В период поддержания анестезии значения изучаемых показателей гемодинамики у больных 1-й, 2-й и 3-й групп не отличались между собой. После введения рентгеноконтрастных веществ (РКВ) наблюдались незначительное увеличение ЧСС и АД по сравнению с периодом поддержания анестезин у больных 1-й , 2-й и 3-й групп. Достоверные различия между 1-й - 3-й и 2-й - 3-й группами выявлены для показателей систолического АД, что связано, очевидно, с агрессивным воздействием РКВ на систему кровообращения. Выраженная прессорная реакция в ответ на эндотрахеальную интубацию отмечена при использовании схемы анестезиологического обеспечения фторотаном, диазепамом и фентанилом.

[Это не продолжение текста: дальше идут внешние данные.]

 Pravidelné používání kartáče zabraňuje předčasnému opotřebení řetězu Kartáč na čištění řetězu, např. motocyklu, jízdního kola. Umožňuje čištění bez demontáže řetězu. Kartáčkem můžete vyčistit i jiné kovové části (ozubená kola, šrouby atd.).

Вентиляция и газообмен. Исходные показатели ЧД и SaHbО2 у больных 1-й, 2-й и 3-й групп не отличались между собой. Через 2 мин после индукции анестезии значения ЧД и SaHbО2 у больных 1-й и 2-й групп снижались относительно исходного уровня (в среднем на 33,2% и 3,4% в 1-й группе и на 36,5% и 3,8% во 2-й группе соответственно) (р<0,05) и не отличались друг от друга. В 3-й группе значения данных показателей незначительно возрастали и были выше, чем у больных 1-й и 2-й групп (р<0,05).

Непосредственно после эндотрахеальной интубации отмечалась более высокая ЧД в 3-й группе по сравнению с 1-й и 2-й группами (р<0,05), тогда как разница между показателями SaHbO2 во всех группах была недостоверной.

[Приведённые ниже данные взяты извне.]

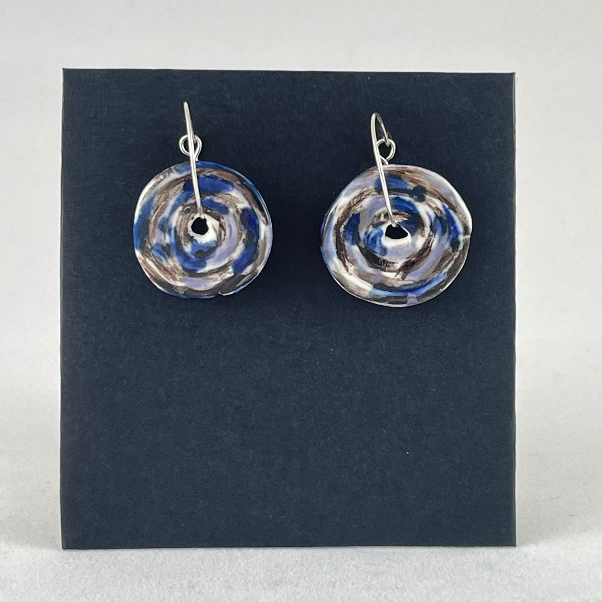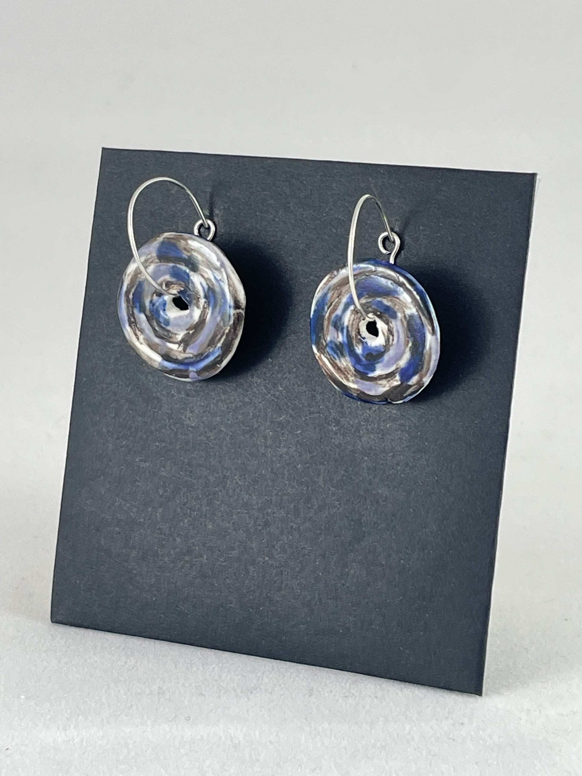 Abstract floral pattern, painted with loose brush strokes. Hand coiled porcelain earrings in blue, lavender, black and white.

После начала хирургических манипуляций (пункции и катетеризации магистральных сосудов) наблюдался рост значений ЧД и SaHbО2 во всех исследуемых группах, при этом ЧД у больных 3-й группы оставалась достоверно высокой по сравнению с аналогичными показателями в 1-й и во 2-й группах, а различий между значениями SaHbО2 не отмечалось. На всех остальных этапах исследования значения показателей в 1-й, 2-й и 3-й группах не отличались между собой.

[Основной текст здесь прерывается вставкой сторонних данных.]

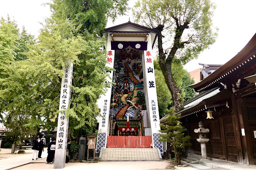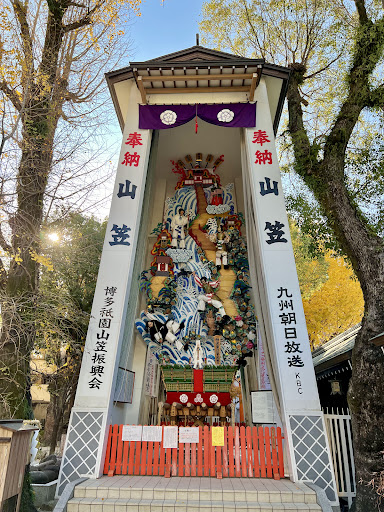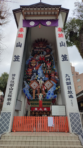 櫛田神社の境内には飾り山笠...

Таким образом, применение Дипривана вызывает умеренные, не выходящие за пределы нормы, кратковременные изменения ЧД и SaHbО2 непосредственно после индукции анестезии и позволяет проводить анестезиологическое пособие с адекватным самостоятельным дыханием, характеризующимся стабильностью показателей ЧД и SaHbО2 на всех этапах РЭВ вмешательства у детей.

Кардиоинтервалография. Для оценки реакции вегетативной нервной системы на операционный и анестезиологический стресс был использован вариационный анализ 100 кардиоциклов, который проводился с помощью микрокомпьютера БИОН-ОО 1 (Россия) с регистрацией и оценкой следующих показателей: М (математическое ожидание) в сек., СКО (среднеквадратичное отклонение), Х (вариационный размах) в сек., Мо (мода) в сек., АМо (амплитуда моды) в %, ИН (индекс напряженности) в усл. ед.

Исходные показатели КИГ у больных 1-й, 2-й и 3-й групп не отличались между собой.

Непосредственно после индукции анестезии наблюдалось достоверное (р<0,05) по сравнению с исходным уровнем изменение всех показателей в 1-й, 2-й и 3-й группах, что свидетельствовало о возбуждении симпатического звена ВНС в ответ на вводную анестезию.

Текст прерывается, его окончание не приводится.